Why Use EJBs?

Despite the recommendations of the J2EE Blueprints, the use of EJBs is not mandatory. You can build very successful applications using servlets, JSPs or standalone Java applications.

As a general rule of thumb, if an application is small in scope and is not required to be highly scalable, you can use J2EE components, such as servlets, together with direct JDBC connectivity to build it. However, as the application complexity grows or the number of concurrent users increases, the use of EJBs makes it much easier to partition and scale the application. In this case, using EJBs gives you some significant advantages.

Hiding Complexity

Early middleware environments, such as “raw” CORBA, require the application developer to write a lot of code that interacts with the CORBA environment and facilitates the connectivity and registration process. Such code can be likened to the plumbing that pipes water around a house. It needs to be there but, as the user of a sink or shower, you do not want to be intimately involved with it. In J2EE application terms, business developers want to write business code, not “plumbing” code. The EJB model tries to reduce such interaction to a minimum by using the following mechanisms:

  • Each bean conforms to a defined lifecycle and set of rules. This provides a distinct boundary between system code and application code.

  • Declarative attributes allow a developer to specify, say, the transactional behavior of the component without having to write code to control such functionality.

  • The deployment information provided with the deployable J2EE application provides information about the relationships between multiple EJBs and also defines the resources required by an EJB.

Separation of Business Logic from UI and Data Access

One of the key facets of applying EJBs is that they allow business functionality to be developed and then deployed independently of the presentational layer. You might, for example, create an application with a user interface built using Java's Swing API. This application might then provide access to some business functionality for the employees working on the company's internal network. If the underlying business functionality is implemented using EJBs, a different user interface could take its place without having to redevelop the entire application. A Web-based interface that used servlets would make the application available from the Internet without having to change a single line of code in the business functionality.

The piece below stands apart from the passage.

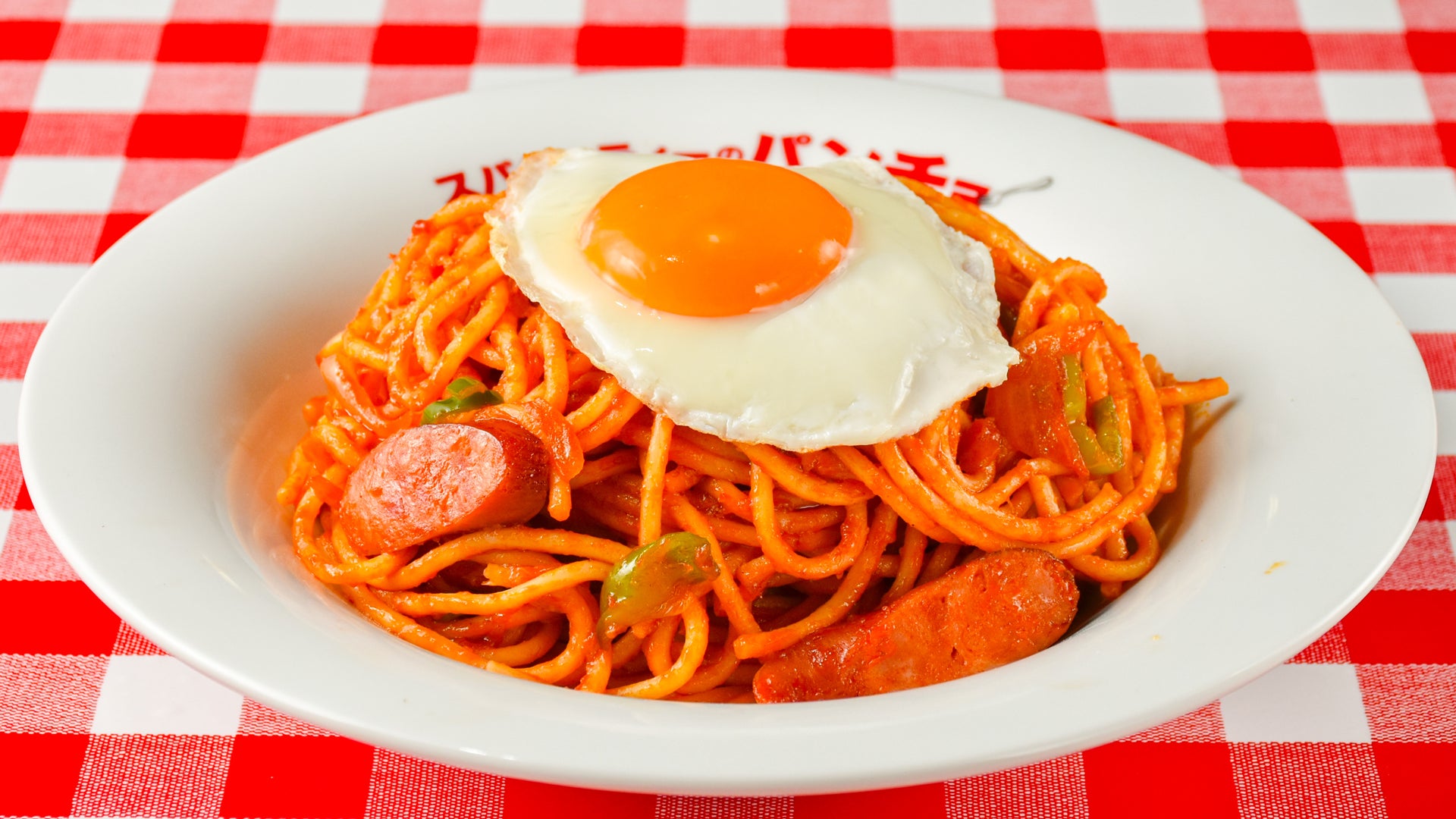 まずは一番人気の「ナポリタン」と定番トッピング「目玉焼き」を楽しんでみて! -

Figure 4.1 is a UML component diagram that shows this. (More information on UML can be found in Appendix A,“An Introduction to UML,” on the accompanying CD-ROM.)

Figure 4.1. An application implemented using EJBs can have more than one user interface.


It can sometimes be difficult to distinguish between the functionality that an application provides and the user interface that is used to invoke that functionality. This is not unexpected because many common applications—such as a word-processor—are single-tier; the presentational logic and the business functionality are a single entity. On the other hand, consider programming a video recorder. Most modern video recorders can be programmed either directly on the console or through a remote control unit. Either user interface will accomplish the task of recording your favorite TV show, but there is only a single “application.”

Consider another example. In most supermarkets, a cashier is responsible for scanning the items in your shopping cart and then requesting a payment for the total. However, some supermarkets also offer a trust system, whereby the customer scans the items with a mobile scanner as they place the item into the shopping cart. To pay for the goods in the shopping cart, the customer simply swipes his or her own card, and then leaves with the goods. Again, there is a single application (to purchase shopping items) but two different interfaces—the cashier's till and the customer's mobile scanner.

To implement a distributed application using EJBs, make sure you have distinguished between the user interface and the underlying business function. The EJB itself is concerned only with the latter of these.

Container Services

The container provides various services for the EJB to relieve the developer from having to implement such services, namely

  • Distribution via proxies— The container will generate a client-side stub and server-side skeleton for the EJB. The stub and skeleton will use RMI over IIOP to communicate.

  • Lifecycle management— Bean initialization, state management, and destruction is driven by the container, all the developer must do is implement the appropriate methods.

  • Naming and registration— The EJB container and server will provide the EJB with access to naming services. These services are used by local and remote clients to look up the EJB and by the EJB itself to look up resources it may need.

  • Transaction management— Declarative transactions provide a means for the developer to easily delegate the creation and control of transactions to the container.

  • Security and access control— Again, declarative security provides a means for the developer to easily delegate the enforcement of security to the container.

  • Persistence (if you want)— Using the Entity EJB's container-managed persistence mechanism, state can be saved and restored without having to write a single line of code.

All of these container services are covered in more detail as the book progresses.

Now that you know why you would want to use an EJB and how to apply it, you can examine the inner workings of an EJB to understand how all the parts fit together.